• HOW TO COMPLETE THIS TASK
Pictures do not belong in the copy; print every entry exactly as it stands.
┌─ RECORDS SUPPLIED
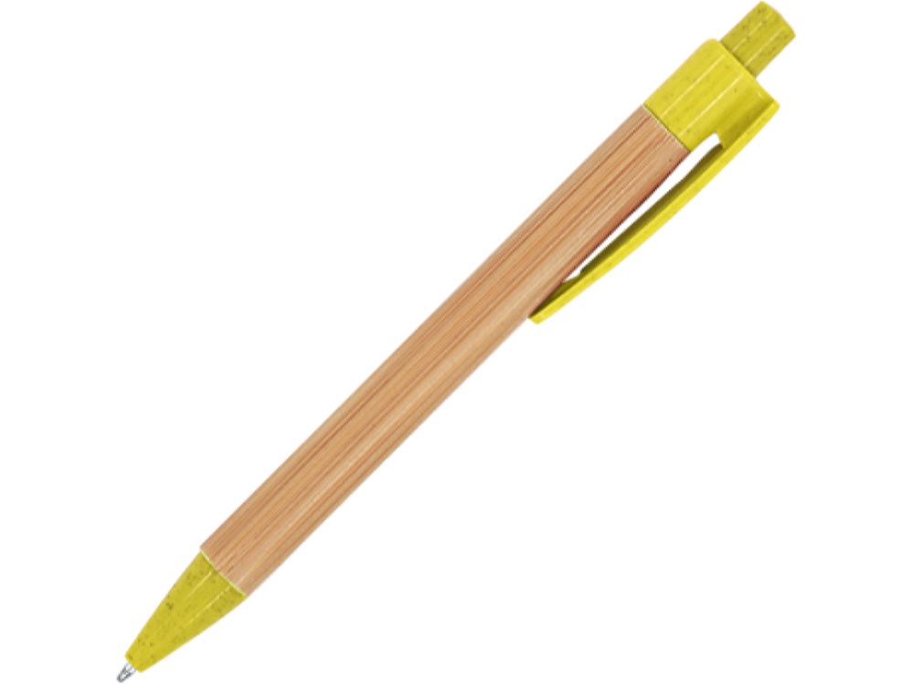 Шариковая ручка с бамбуковым корпусом. Наконечник, клипса и кнопка из пшеничного волокна / ABS. Синие чернила.
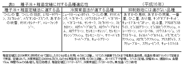 トルコギキョウの抑制栽培では、適品種を選定し、10℃で4~5週間の吸水種子低温処理後育苗日数2週間の稚苗を定植すると、切り花品質が向上する。 |
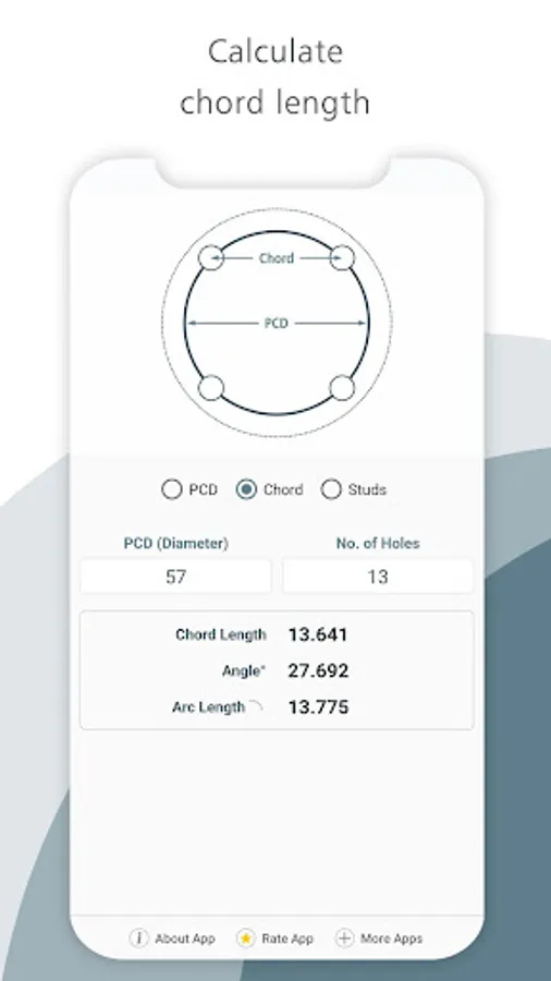 PCD calculator is very handy app to calculate PCD, Chord Length and Flange Holes easily.
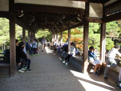 泰平閣の上で一休み。紅葉した葉と池を見ながらリラックスした様子でした。
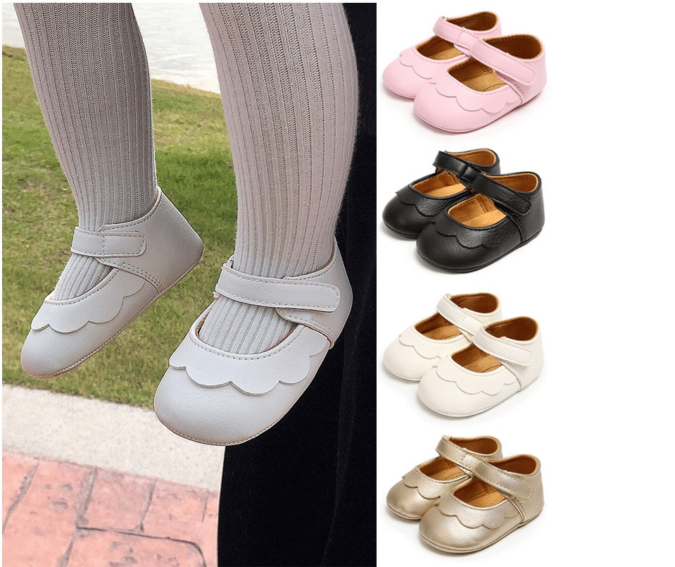 Pantofiorii sunt din piele artificiala si au o bareta de sustinere cu arici. De asemenea, in partea din fata au un volan din acelasi material si culoare pentru un plus de eleganta.
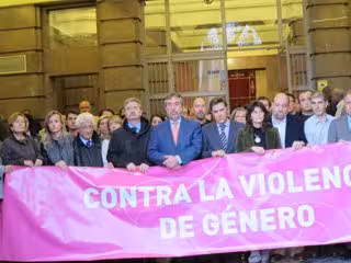 Representantes institucionales, junto con algunos ciudadanos se han concentrado esta mañana en el patio de la entrada del Ayuntamiento de Zaragoza, debido a la intensa lluvia que caía, y han desplegado una pancarta encabezada por el alcalde, Juan Alberto Belloch, en la que se podía leer "Contra la violencia de género".
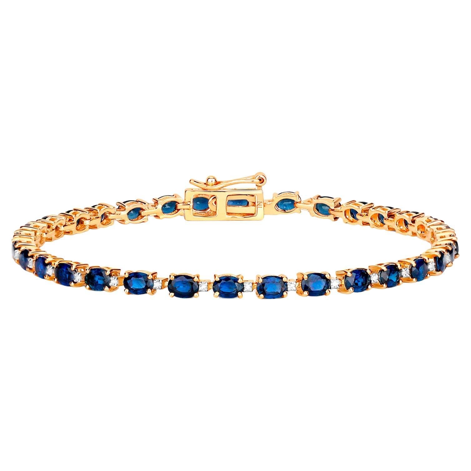Blue Oval Cut Sapphires Bracelet Diamond Links 6.3 Carats 10K Yellow Gold
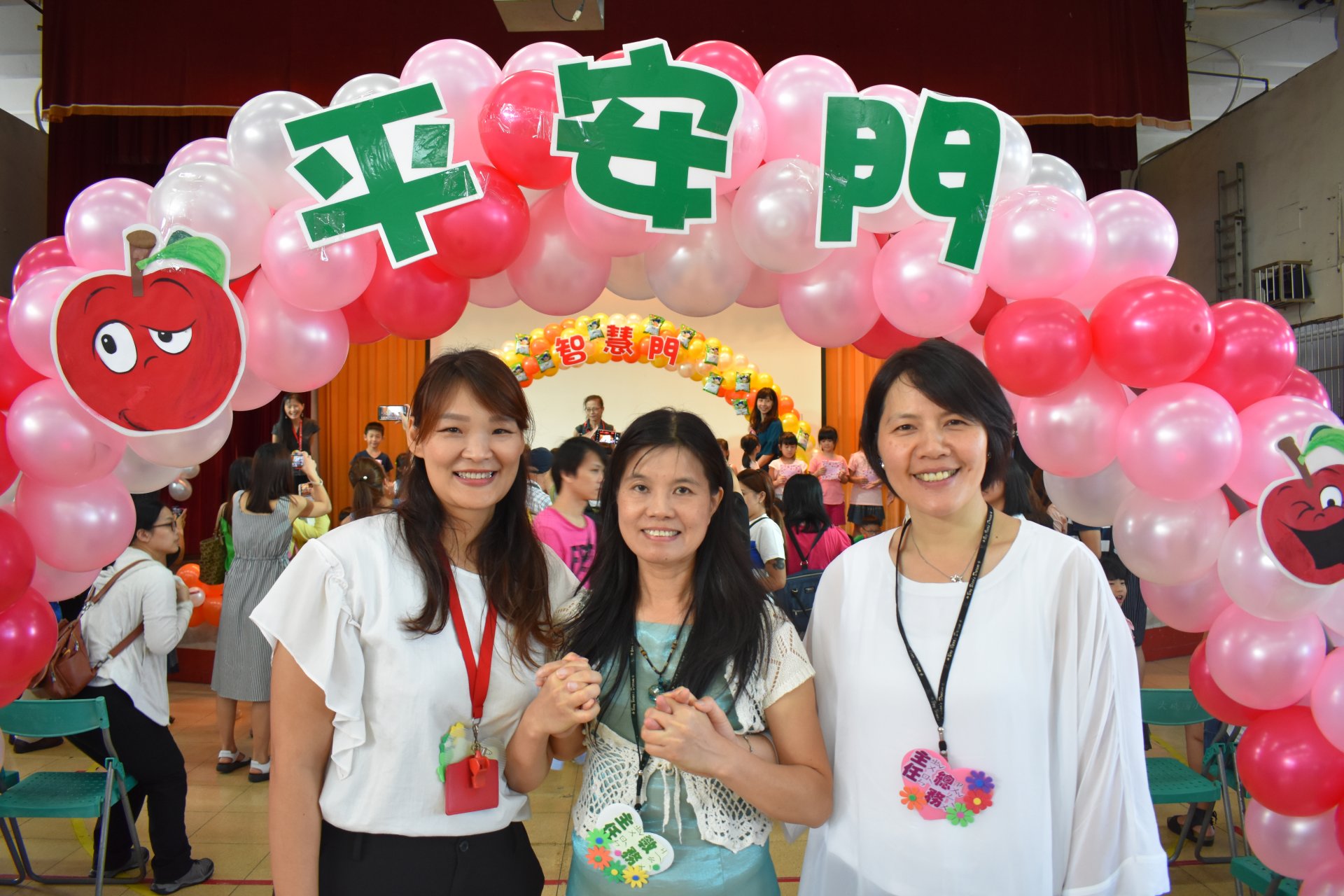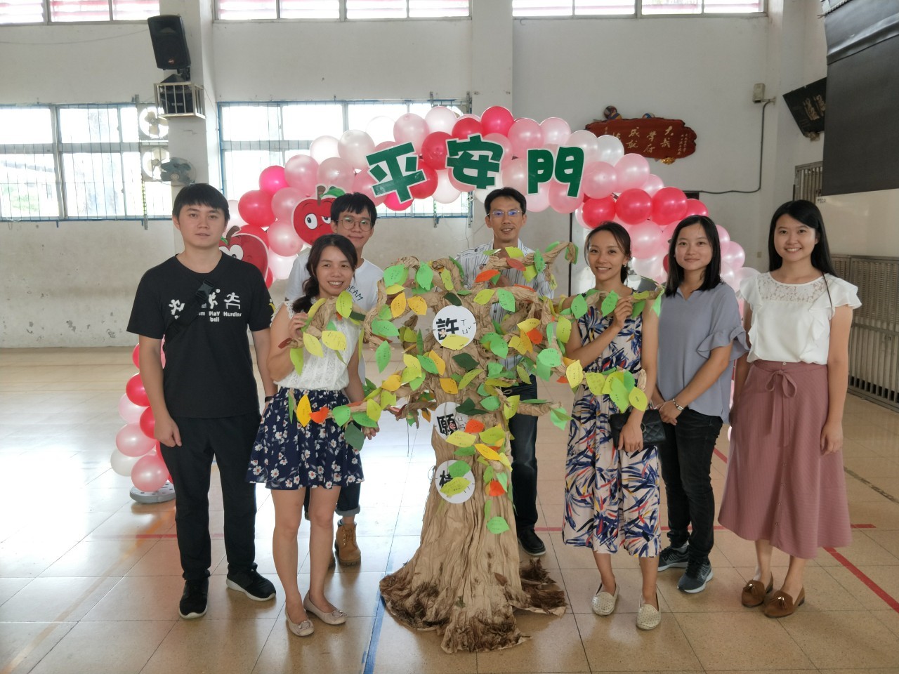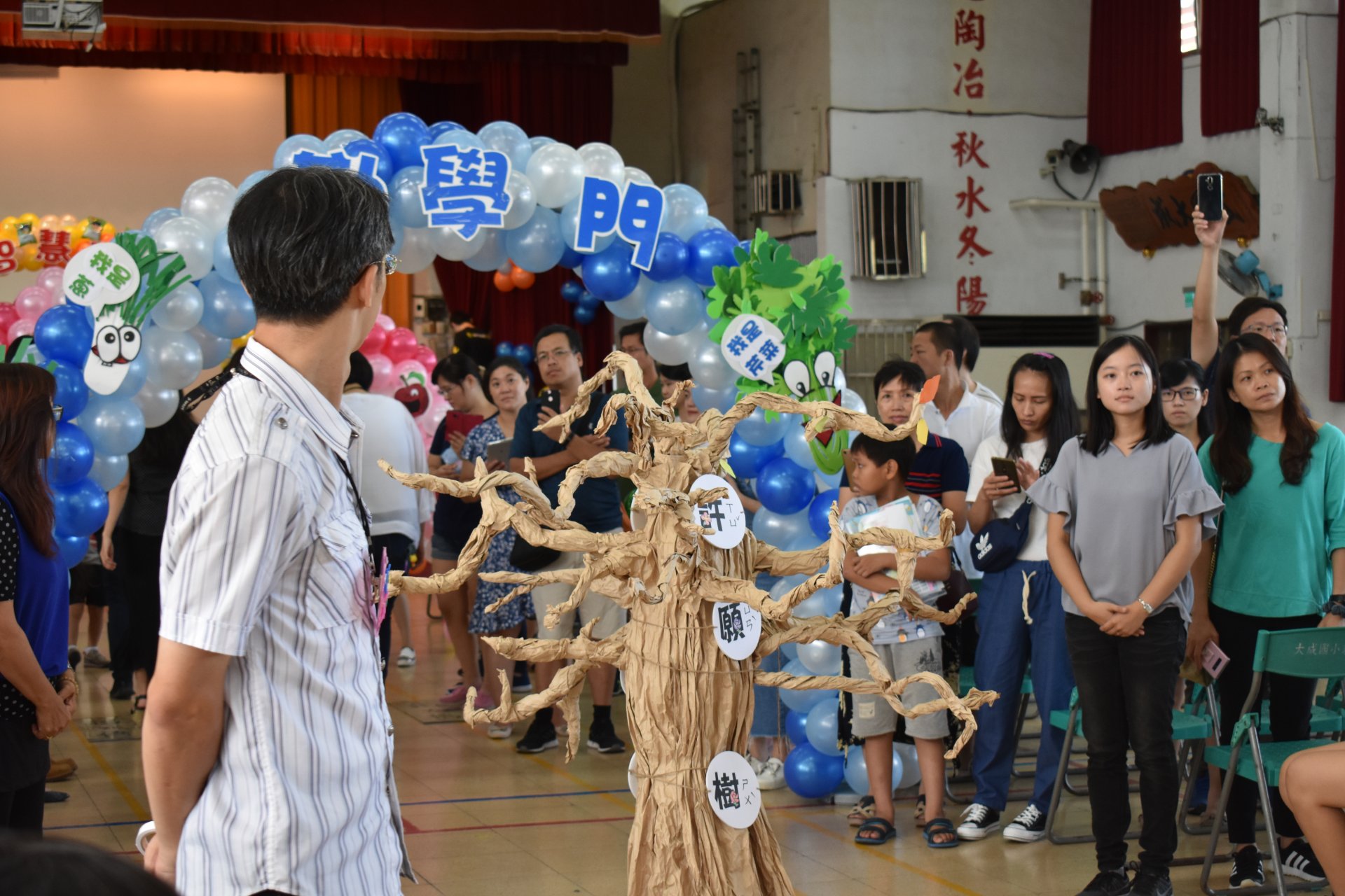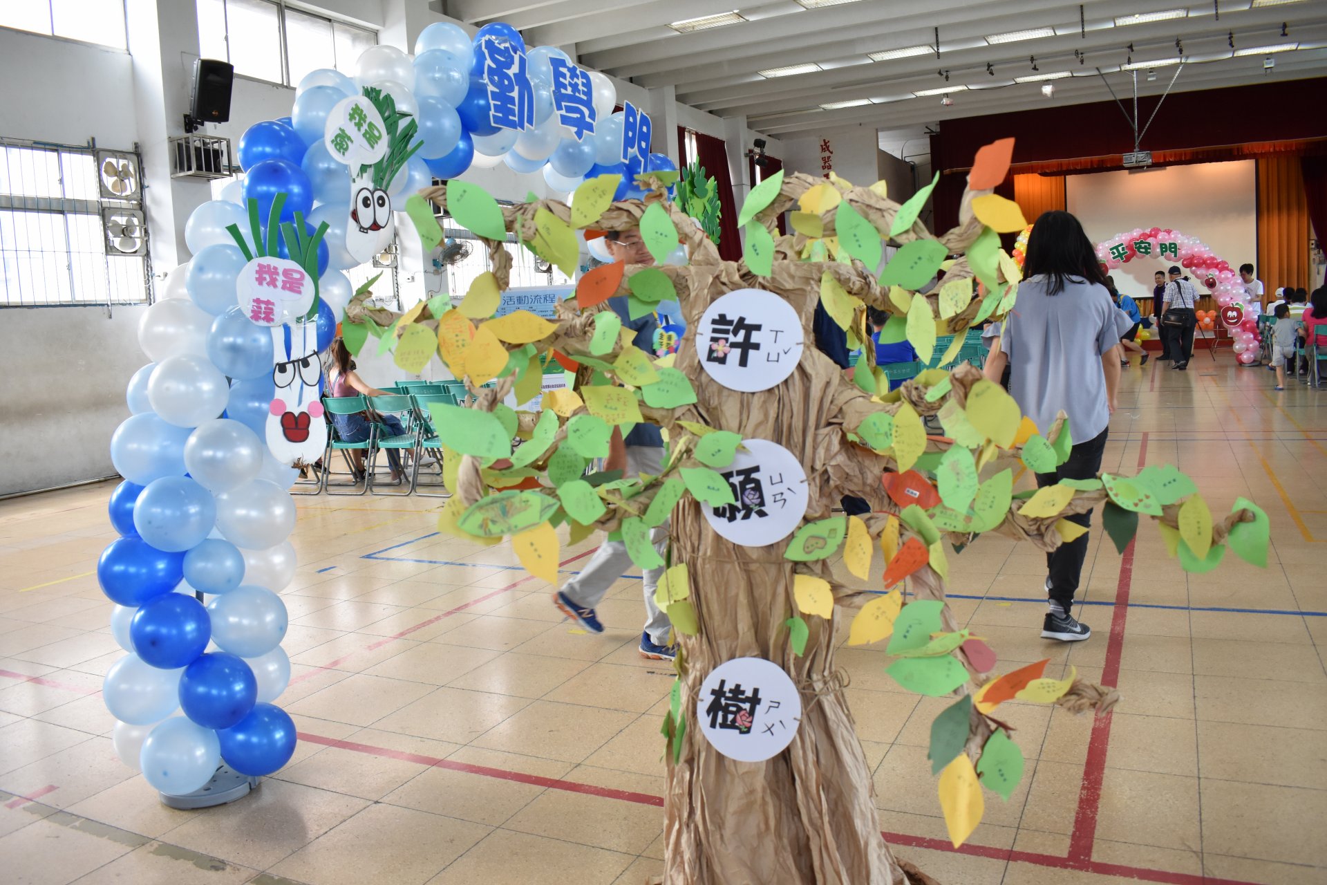 活動一開始,所有新生貼上在教室先寫好的許願樹葉卡,然後貼在精心設計的許願樹上,之後通過勤學門成為大成人。(芹菜、蔥、蒜氣球拱門,象徵『跨越勤學之門,進入大成之家』),接著頭頂西瓜造型海灘球走過巧拼獨木橋(巧拼獨木橋象徵『獨立自主』,頭頂西瓜『頂呱呱』) 。最後穿越「平安門」(蘋果氣球拱門,象徵『平平安安、健康快樂』)。新生再敲響「勇氣鼓」,在智慧門前,校長與會長贈送新生智慧福袋。
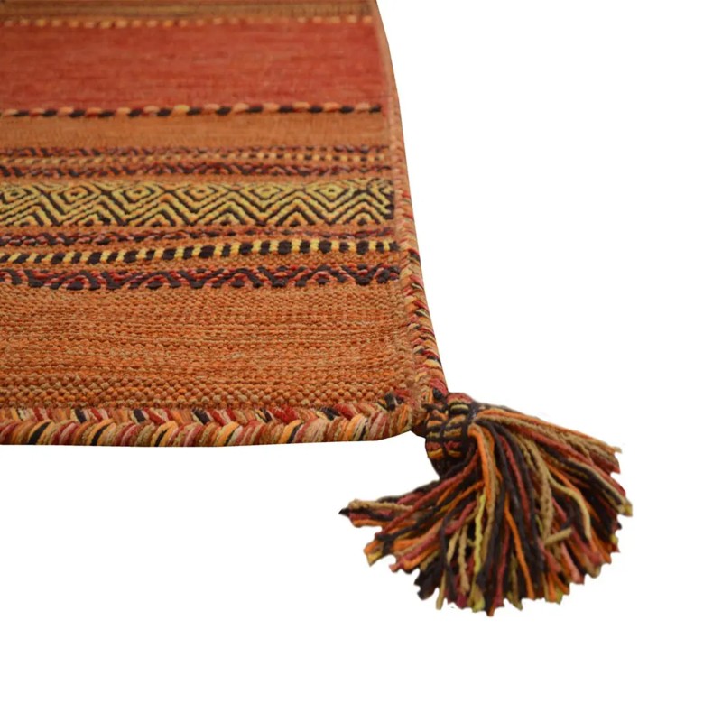 KILIM OLD - Tappeto Artigianale Annodato a mano con frange - Ciniglia & Cotone - Arancione
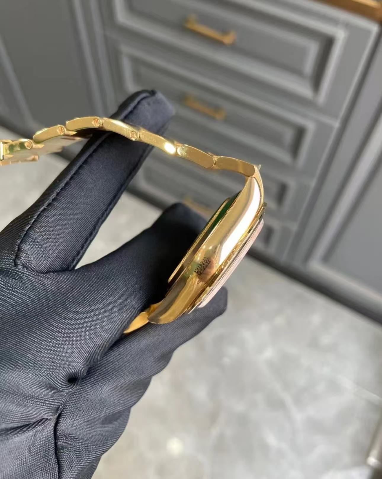 - AAA: It’s equipped with a Swiss movement and has a case thickness of 12.6mm, compared to the 12.2mm thickness of the Superclone and original.
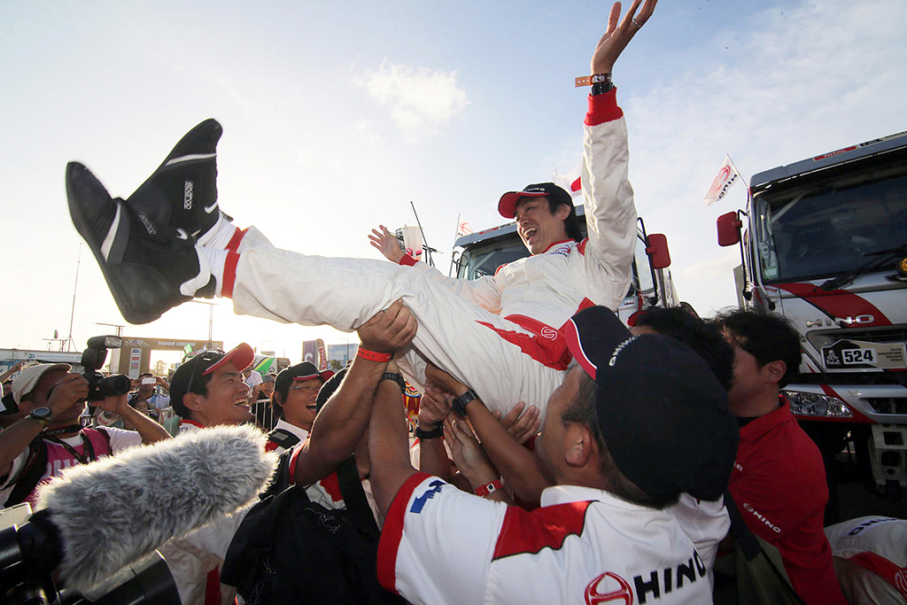 Йосимаса Сугавара: «Я чувствую облегчение сейчас, когда гонка позади, и мы достигли тех результатов, о которых мечтали. На протяжении всего маршрута я чувствовал себя хорошо и был уверен в своих силах. Я убежден, что те усовершенствования автомобиля HINO, которые были сделаны специалистами при подготовке к гонке, повлияли на отличный результат нашего экипажа».
└─
• RESPONSE TO THIS EXERCISE
 Шариковая ручка с бамбуковым корпусом. Наконечник, клипса и кнопка из пшеничного волокна / ABS. Синие чернила.
 トルコギキョウの抑制栽培では、適品種を選定し、10℃で4~5週間の吸水種子低温処理後育苗日数2週間の稚苗を定植すると、切り花品質が向上する。 |
 PCD calculator is very handy app to calculate PCD, Chord Length and Flange Holes easily.
 泰平閣の上で一休み。紅葉した葉と池を見ながらリラックスした様子でした。
 Pantofiorii sunt din piele artificiala si au o bareta de sustinere cu arici. De asemenea, in partea din fata au un volan din acelasi material si culoare pentru un plus de eleganta.
 Representantes institucionales, junto con algunos ciudadanos se han concentrado esta mañana en el patio de la entrada del Ayuntamiento de Zaragoza, debido a la intensa lluvia que caía, y han desplegado una pancarta encabezada por el alcalde, Juan Alberto Belloch, en la que se podía leer "Contra la violencia de género".
Blue Oval Cut Sapphires Bracelet Diamond Links 6.3 Carats 10K Yellow Gold
 活動一開始,所有新生貼上在教室先寫好的許願樹葉卡,然後貼在精心設計的許願樹上,之後通過勤學門成為大成人。(芹菜、蔥、蒜氣球拱門,象徵『跨越勤學之門,進入大成之家』),接著頭頂西瓜造型海灘球走過巧拼獨木橋(巧拼獨木橋象徵『獨立自主』,頭頂西瓜『頂呱呱』) 。最後穿越「平安門」(蘋果氣球拱門,象徵『平平安安、健康快樂』)。新生再敲響「勇氣鼓」,在智慧門前,校長與會長贈送新生智慧福袋。
 KILIM OLD - Tappeto Artigianale Annodato a mano con frange - Ciniglia & Cotone - Arancione
 - AAA: It’s equipped with a Swiss movement and has a case thickness of 12.6mm, compared to the 12.2mm thickness of the Superclone and original.
 Йосимаса Сугавара: «Я чувствую облегчение сейчас, когда гонка позади, и мы достигли тех результатов, о которых мечтали. На протяжении всего маршрута я чувствовал себя хорошо и был уверен в своих силах. Я убежден, что те усовершенствования автомобиля HINO, которые были сделаны специалистами при подготовке к гонке, повлияли на отличный результат нашего экипажа».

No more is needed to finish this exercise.